In regard to the subject of culture it is, as mentioned, crucial to take into account that people with different cultural backgrounds will often have different views on the same event or subject. Hence, when discussing the subject of homosexuality and how the African attitude toward homosexuality differs from the Western attitude, it is crucial to take cultural differences or cultural diversity into mind.

3.4.1 Imperialism

        Imperialism can be argued to have had a great impact on the shaping of world politics and economic systems. It is by Heywood (2011) defined as "the policy of extending the power or rule of the state beyond its boundaries . . . In its traditional form, imperialism involves the establishment of formal political domination or colonialism" (p. 28). Historically, the term has included sovereignty, control, and heavy influences by dominant states over other states or societies. Imperialism is often connected to colonialism. In this regard, earlier scholars were preoccupied with the relationship that emerged between dominant states and the colonies they settled in, whereas the emergence of 'first wave' imperialist scholars resulted in a focus on how this relationship developed from being mutually beneficial into a relationship of domination (Kettel & Sutton, 2013: 244). As is the case for imperialism, it can be argued that colonialism is a form of domination. However, colonialism is the control one group has over another group’s territory. The relationship between colonialism and imperialism has been cause for debate. It can be argued that colonialism is a model of political organization and can be seen as an example of imperialism. Nevertheless, it is also argued to be the imperial policy of the West occurring from the sixteenth century. Butt (2013) points to three characteristics, which to the greatest extent explain the core of colonialism: domination, cultural imposition, and exploitation. Colonialism is often argued to be one group imposing values on another. The domination of colonialism is mainly characterized by the rejection of self-determination for the colonized people and the attempt to impose rules of the superior power. It has also been associated with imposing the culture of the superior power onto the colonized group, which makes it a form of cultural imperialism. The reasons for spreading one's own cultural values might be a desire for missionary undertakings, or to attempt to enforce political control. Colonialism can further be perceived as a type of exploitation, for example seen in the form of slave trade and the founding of trade relations (Butt, 2013).

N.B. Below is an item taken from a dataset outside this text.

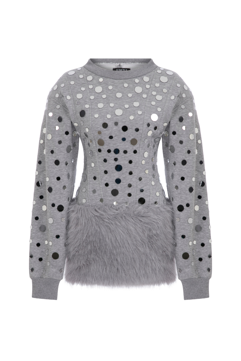 mirror covered sweater mini dress with faux fur skirt

        The European colonization of Africa from the 16th century onwards inevitably has had a great impact on African development. It is a key factor to include when seeking to understand the African continent as well as its people as it is today. We therefore find it essential to include a short section on African colonialism in order to emphasize the influence it has had on economic and political development and the African self-perception. The largest colonial powers were France and Britain and after World War I they held power in more than 70 percent of the African continent. It was especially during the mid 1800s and early 1900s that the imperial rule in Africa was at its highest (Khapoya, 2012). Most African countries gained independence during the 1950s and 1960s and it can be argued that decolonization, to a great extent, was affected by super power competition. Further, it contributed to a change in international relations (U.S, 2014). According to gay rights campaigner, Peter Tatchell (2014), there are no records of anti-homosexuality laws before Western colonization. Therefore, homophobia is perceived as an import stemming from the colonial era (Smith, 2014).